The average age of stocks is the average number of days it takes a business to sell its stocks. It is a measure that analysts use to determine sales effectiveness.

The average age of stocks is also called days of sales in stock (DSI).

What does the average age of stocks tell you?

The average age of stocks tells the analyst how quickly stocks turn around in one company compared to another. The faster a business can sell inventory for a profit, the more profitable it is. However, a business could use a strategy of maintaining higher inventory levels for discounts or long-term planning efforts. Although the metric can be used as a measure of efficiency, it must be confirmed by other measures of efficiency, such as gross profit margin, before drawing conclusions.

The average age of stocks is a critical number in industries with rapid sales and product cycles, such as the technology industry. A high average age of inventory may indicate that a business is not managing its inventory properly or that it has inventory that is difficult to sell.

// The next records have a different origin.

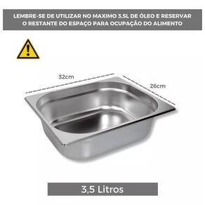 Bem-vindo à Click Shop Fritadeira Elétrica em Aço Inox - Alimentos Crocantes e Saborosos com Praticidade e DurabilidadeDescubra o segredo para preparar alimentos irresistivelmente crocantes e saborosos com nossa Fritadeira Elétrica em Aço Inox. Fritando na temperatura certa, você preserva o sabor e as propriedades dos alimentos, prolonga a vida útil do óleo e garante resultados perfeitos com rapidez, economia e qualidade. Com recuperação rápida da temperatura ideal, seus alimentos ficam ainda mais crocantes e deliciosos. Diferenciais:controle Preciso de Temperatura: Termostato ajustável para frituras sempre no ponto certo.Construção Robusta: Base, cuba e cabeçote em aço inoxidável, garantindo durabilidade e resistência.Fritura Uniforme: Cesto aramado estanhado para uma fritura homogênea e resultados consistentes. Atenção:nossos modelos de fritadeiras de uma cuba 4 a 5 litros compartilham as mesmas características e dimensões. O volume total da fritadeira é de 6 litros, mas recomenda-se utilizar até 4 litros para evitar transbordamento do óleo durante o uso. Especificações Técnicas: Tensão: 110V ou 220V escolha no momento da compra Potência: 2500 Watts Dimensões da Cuba:Volume mínimo de óleo: 2 litros Volume ideal de óleo: 3 litros Volume máximo de óleo: 4 litros Capacidade total do tacho: 5 litros com transbordamento Comprimento: 295 mm Largura: 235 mm Profundidade: 100 mm Dimensões do Cesto de Fritura: Comprimento: 225 mm Largura: 160 mm Profundidade: 80 mm Dimensões da Base em Aço Inox: Comprimento: 400 mm Largura: 270 mm Altura com cabeçote: 240 mm Peso Total: 2,25 kg Material: Cuba: Aço Inox Base: Aço Inox Cesto de Fritura: Aramado estanhado Adquira agora sua Fritadeira Elétrica em Aço Inox e transforme sua forma de cozinhar, garantindo sempre frituras perfeitas e saborosas do vendedor: 07 dias Marca: Não Informado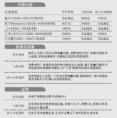 双节将至,准备喜结良缘的情侣们纷纷在节前的黄金时节购置家电。洗衣机是居家过日子必备的家电,为了给消费者节约更多的时间,本期记者将对比京东商城、飞虎乐购、新七天电器网3家网站,帮您选购物美价廉的洗衣机。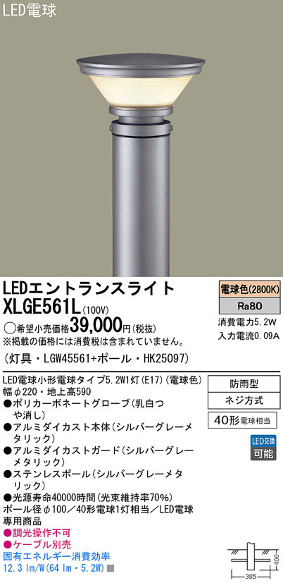 Panasonic LED ¥¨¥¯¥¹¥Æ¥ê¥¢¡¦¥¢¥¦¥È¥É¥¢ XLGE561L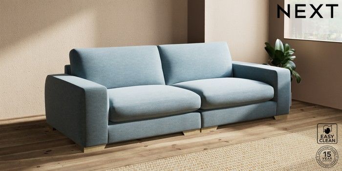 7.2.10 Houghton Deep Sit 4 Seater Sofa Fine Chenille Easy Clean Mid Blue Large Square Angle - Light | Made Click here to use our website with more accessibility support, for example screen readers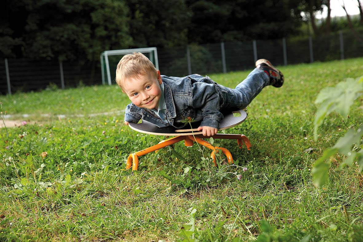Egal ob sitzend oder liegend, die Balancierdrehscheibe ist eine Herausforderung für jedes Kind.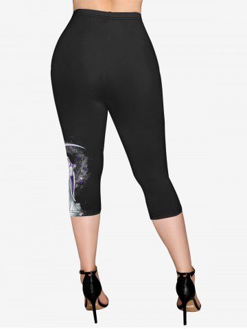 Halloween Plus Size Witch Skull Flower Print Pockets Capri Leggings - Black - S
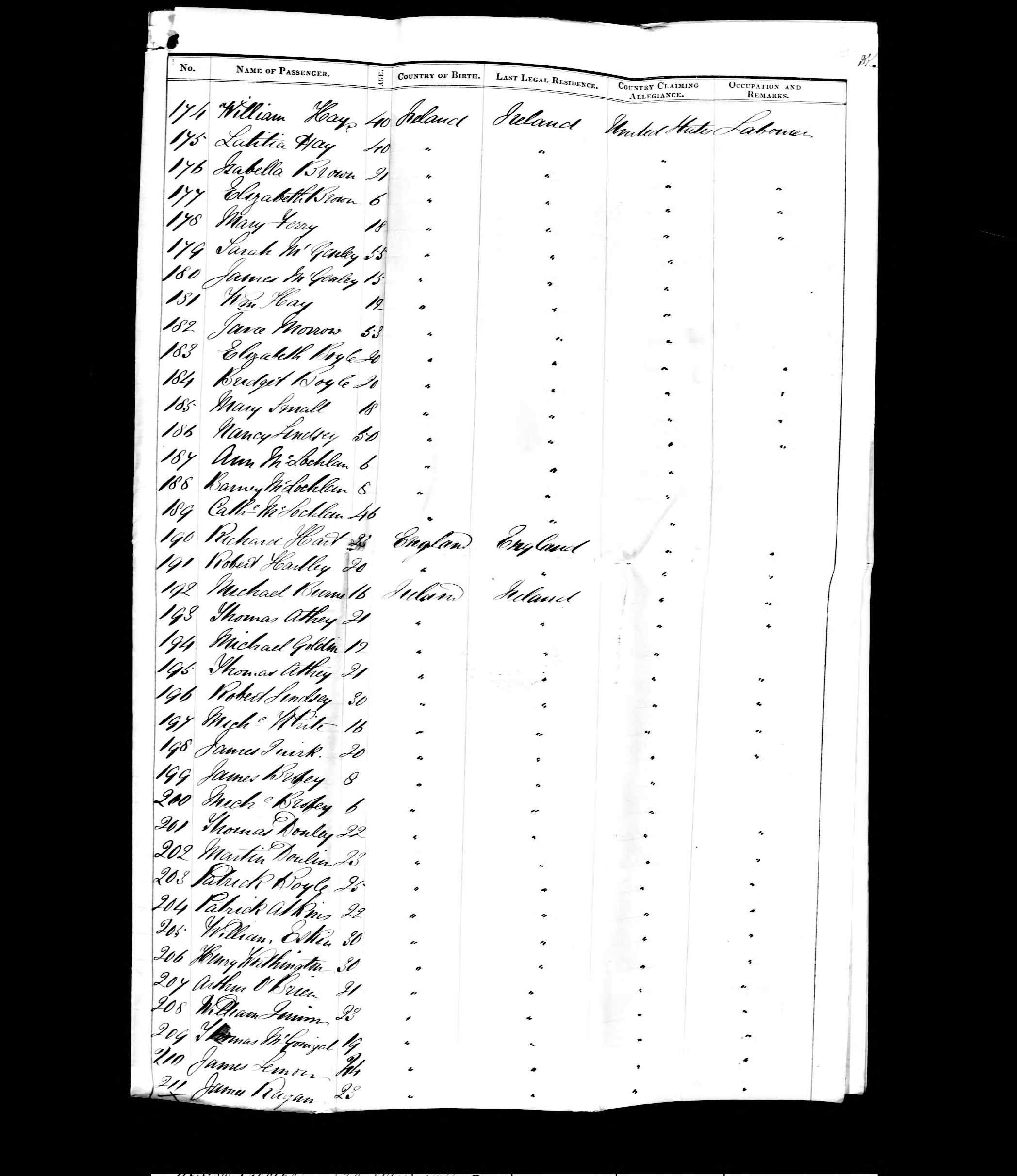 - [S318] Various, Various unknown record type, Various, New York, New York Passenger and Crew Lists 1820-1957 for William Hayes leaving Liverpool England for New York.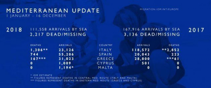 Estos son los datos de llegadas y muertes vía Mar Mediterráneo en lo que va de año, según la Organización Internacional para las Migraciones de las Naciones Unidas.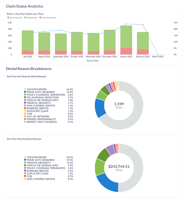 Practices use us to monitor claims in their backlog; these include no-response claims (where you haven’t heard from a payer in a number of days) or denied or appealed claims. In this use case, we give you more data and cover more payers than available via EDI, and save your team the time they’d spend looking up these claims by hand.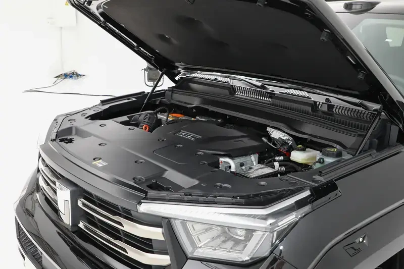动力系统实现双平台布局,满足不同场景需求。Hi4-Z版本搭载2.0T发动机与P2、P4双电机组合,匹配3挡DHT加无级变速箱,系统综合最大功率达640千瓦,配备59.05千瓦时电池组,WLTC纯电续航200公里,兼顾城市通勤的低能耗与轻度越野的脱困能力。Hi4-T版本则采用2.0T发动机加单电机配置,保留机械四驱结构与大梁底盘,搭载37.1千瓦时电池组,纯电续航105公里,更适合硬核越野场景。两款动力均提供185千瓦发动机最大功率,但电机配置与驱动形式形成差异化竞争。

The average age of inventory helps purchasing agents make purchasing decisions and managers make pricing decisions, such as refreshing existing inventory to move product and increase cash flow. As a company’s average inventory age increases, so does its exposure to the risk of obsolescence. The risk of obsolescence is the risk that the value of stocks will lose its value over time or in a weak market. If a business is unable to move inventory, it can write off inventory for an amount less than the value shown on a business’ balance sheet.

The formula for calculating the average age of the inventory is


Average age of inventory=VSg×365or:VS=Average cost of inventory at its current levelg=Cost of goods sold (COGS) begin {aligned} & text {Average age of inventory} = frac {C} {G} times 365 \ & textbf {where:} \ & C = text {The average cost of current inventory level} \ & G = text {Cost of goods sold (COGS)} \ end {aligned}

TheAverage age of inventory=gVSThe×365or:VS=Average cost of inventory at its current levelg=Cost of goods sold (COGS)TheThe

Example of average inventory age

An investor decides to compare two retail companies. Company A has inventory valued at $ 100,000 and COGS at $ 600,000. The average age of company A’s stocks is calculated by dividing the average cost of stocks by the COGS, then multiplying the product by 365 days. The calculation is $ 100,000 divided by $ 600,000 multiplied by 365 days. The average age of stocks for company A is 60.8 days. This means that the company takes around two months to sell its stock.

Conversely, Company B also has inventory valued at $ 100,000, but the cost of inventory sold is $ 1 million, which reduces the average age of inventory to 36.5 days. On the surface, company B is more efficient than company A.